To take some rough numbers on memory consumption, I used ps and the fabulous xrestop. Xrestop is like the usual top command, but it will tell you how many resources each client is using in the X server. In particular, one of the columns in xrestop tells you how much memory a client is using for pixmaps.
This is output of ps and xrestop for a newly-started Firefox:
ps: USER PID %CPU %MEM VSZ RSS TTY STAT START TIME COMMAND federico 27833 20.7 4.6 55080 24136 pts/0 Sl 11:12 0:01 /opt/MozillaFirefox/lib/firefox-bin xrestop: res-base Wins GCs Fnts Pxms Misc Pxm mem Other Total PID Identifier 4400000 87 53 1 29 30 415K 4K 420K ? Mozilla Firefox
So, our base numbers are 24 MB resident on the client, and 415 KB of pixmaps in the server. Remember, that's for a newly-started Firefox.
After loading my page full of JPEGs, we get this:
ps: USER PID %CPU %MEM VSZ RSS TTY STAT START TIME COMMAND federico 27833 4.7 5.0 56544 26172 pts/0 Sl 11:12 0:05 /opt/MozillaFirefox/lib/firefox-bin xrestop: res-base Wins GCs Fnts Pxms Misc Pxm mem Other Total PID Identifier 4400000 88 71 1 73 31 95327K 5K 95332K ? Mozilla Firefox
Woah! The Firefox process grew its resident size by only 2 MB, but it created about 95 MB of pixmaps in the server. Why is this larger than the 67 MB of uncompressed image data that we got before? Who knows — probably the pixmaps require more memory for padding than the raw RGB data.

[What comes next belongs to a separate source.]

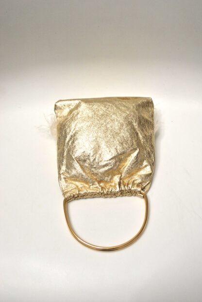 RDV0909245878 – Precioso bolso de fiesta clutch en color dorado. Se trata de un bolso diseñado en forma de saquito, forrado en tela de polipiel oro rosa con detalle delantero faldón de vaporosas plumas y, un original asa doble dorado para llevarlo como bolso de mano.
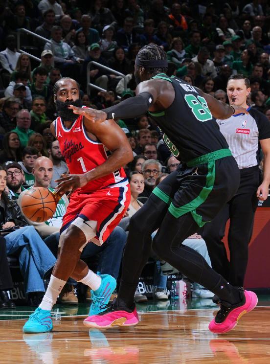 虽然下半场凯尔特人沿用了对哈登的防守策略,但陷入和绿军防守球员贴身肉搏战的哈登,表现明显提升,全场也交出了22投9中的表现,得到了37分、7个篮板、8次助攻和1次抢断,末节最后时刻19秒连得9分更是一度让快船看到了上演大逆转的希望,可惜奇迹没有降临。

Remember that our compressed images occupied about 4.3 MB? The Firefox process only grew by about 2 MB: this indicates that it doesn't keep the compressed data in memory once it has shipped the images to the server. That's a good thing: keep a single copy the image data.
Then, I opened a new empty tab in Firefox, and closed the tab with the images:
ps: USER PID %CPU %MEM VSZ RSS TTY STAT START TIME COMMAND federico 27833 2.9 5.0 56544 26200 pts/0 Sl 11:12 0:06 /opt/MozillaFirefox/lib/firefox-bin xrestop: res-base Wins GCs Fnts Pxms Misc Pxm mem Other Total PID Identifier 4400000 91 83 1 46 32 24988K 5K 24994K ? Mozilla Firefox
The Firefox process grew its resident size by a bit, but it didn't grow its total virtual size. So, no worries on that front. However, it left about 24.9 MB of pixmaps in the server. Why is that? Is it part of the browser's cache? Or is it leaking pixmaps?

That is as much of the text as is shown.